The court dismissed the constitutional challenge reasoning that the domestic employees had in fact received the application, hence there was compliance with section 9(4A) rendering a finding on the constitutional issue unnecessary. Accordingly, a final order sequestrating the joint estate of the Stratfords was granted and the counter-application challenging the constitutionality of section 4(A) was dismissed.

The Stratfords and the domestic employees applied for leave to appeal to the Supreme Court of Appeal, which was dismissed for lack of prospects of success.

It will be very interesting to see what stance the Constitution Court will take in light of the fact that the Supreme Court of Appeal has already been clear in interpreting the notification provision in the Insolvency Act to apply only to the business employees of a person on the verge of sequestration.

The domestic employees' challenge on the constitutionality of the notification provision on the basis that it amounts to unfair discrimination on race and gender, and in conflict with fair labour practices and the right to access to courts is seemingly a last-ditch attempt by the Stratfords to avoid sequestration of their estate.

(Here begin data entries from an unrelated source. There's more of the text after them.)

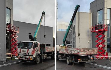 Наши объекты - Монтаж тяжелого бронированного стекла с помощью техники Арлифт!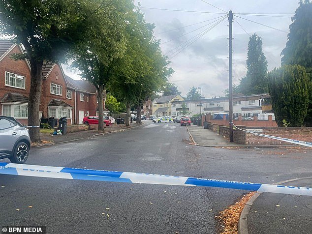 Se alega que Mahamed Mahamad, de 37 años, apuñaló al trabajador del DPD Aqeef Ali 29 veces con un enorme cuchillo de sierra aquí en Gibson Road, Handsworth en Birmingham (en la foto: la escena en las horas posteriores al ataque).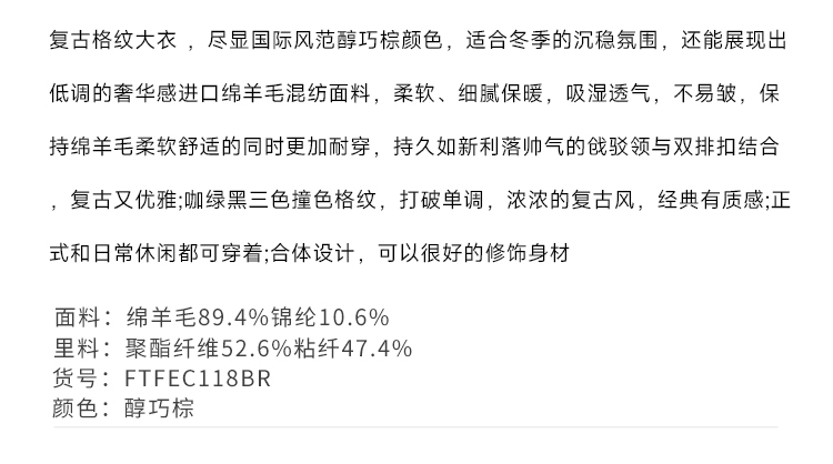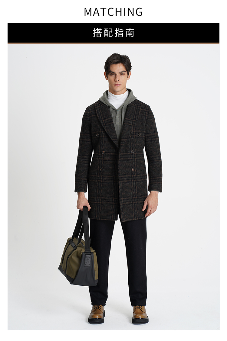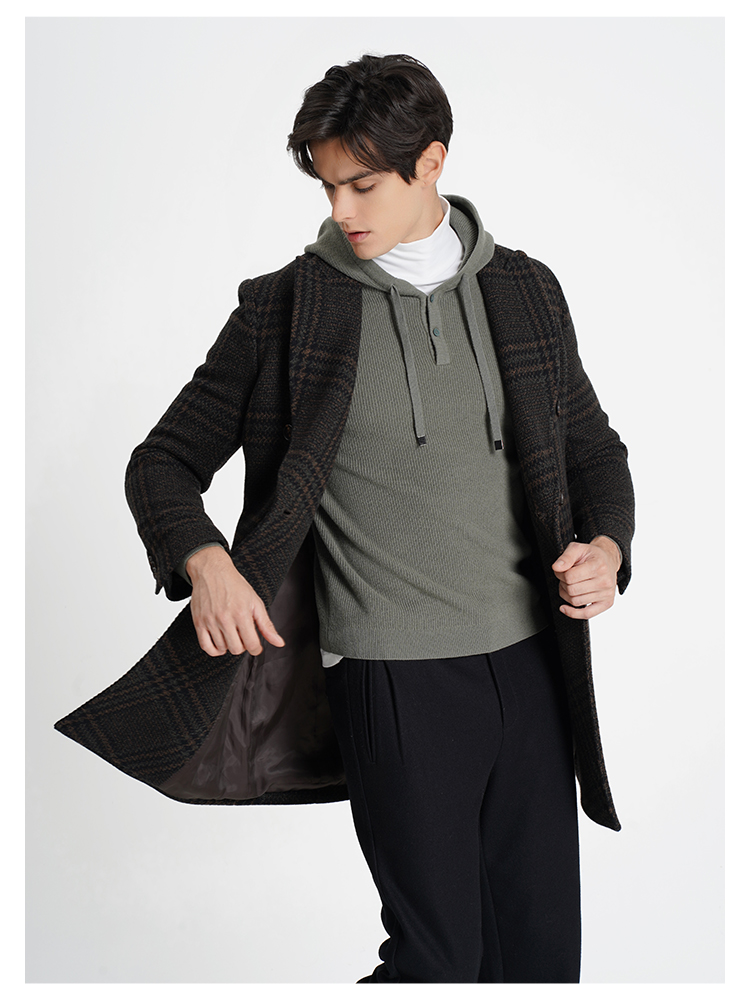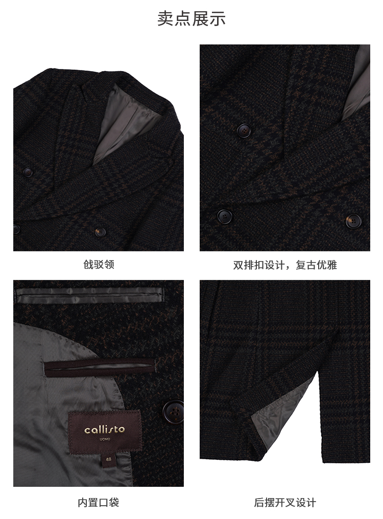 callisto高智系列咖啡色绵羊毛混纺大衣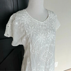 NWT Johnny Was Vice Slip Eyelet-Embroidered Drop-Waist Dress White Small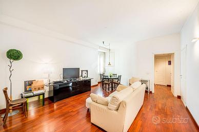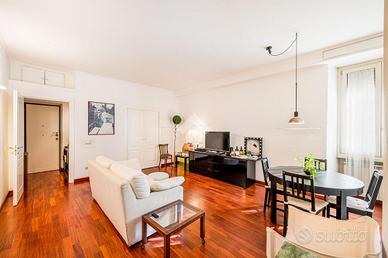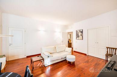 93 mq, via A. Riboty, trilocale, in stabile ristrutturato nelle parti comuni di inizi anni '40, posto al piamo rialzato (I catastale) composto da: ingresso, ampio soggiorno, cucinotto, due camere da letto, bagno. Ristrutturato. Predisposizione aria condizionata. Tripla esposizione. Luminoso. Spazio condominiale per parcheggiare una biciletta. Terrazzo condominiale vista San Pietro.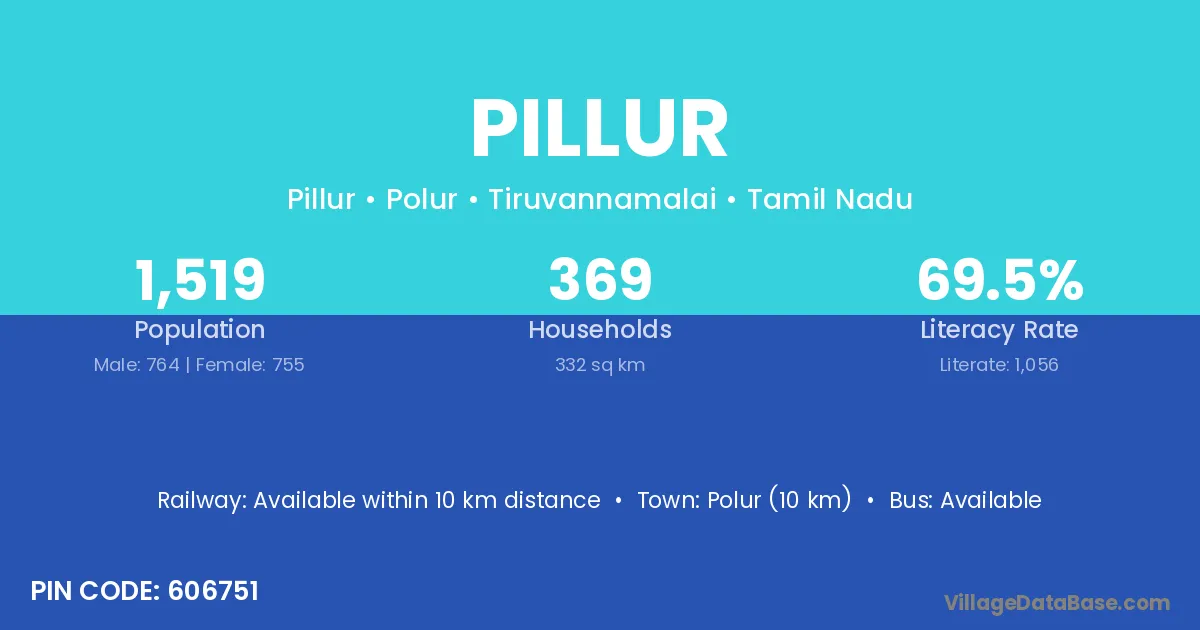 The literacy rate of Pillur village is 71.67%. Male literacy stands at 77.66% and female literacy at 65.15%.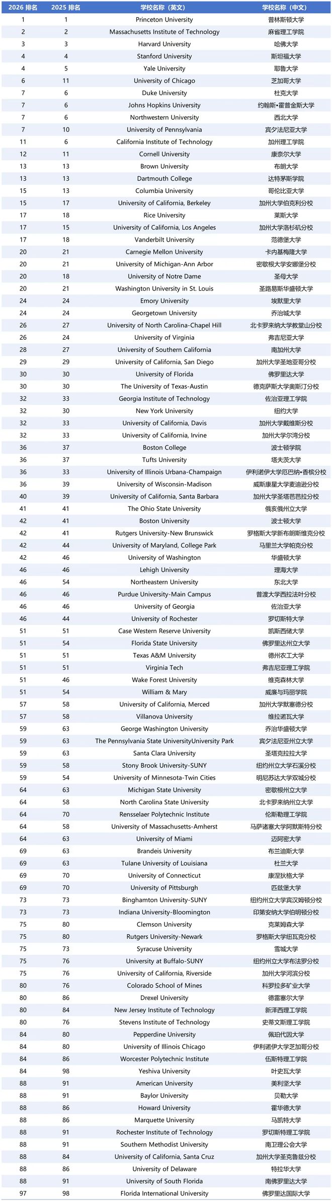 在最新发布的 2026 全美大学排名中,Top 100 又会花落谁家呢?你的梦校排名究竟是上升还是下跌?话不多说,快来一探究竟吧!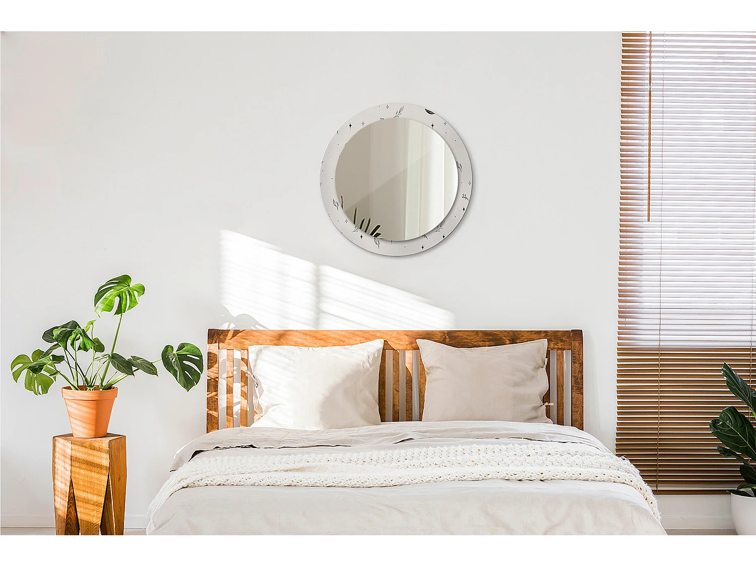 Miroir rond décoratif - Plantes Doodle - 70 cm

The pertinent question that arises is whether a notification point is a valid excuse to avoid the inevitable as in this present matter? One ought to be very cautious of debtors that resort to raising technicalities in the process in an attempt to avoid the inevitable. The fact that a technical point is raised, alternatively the presence of a procedural defect should in no way affect the purpose and spirit of the Act.

The decision of the Constitutional Court will be important in confirming the position on this issue to avoid abuse of the process and the frustration of creditors' rights.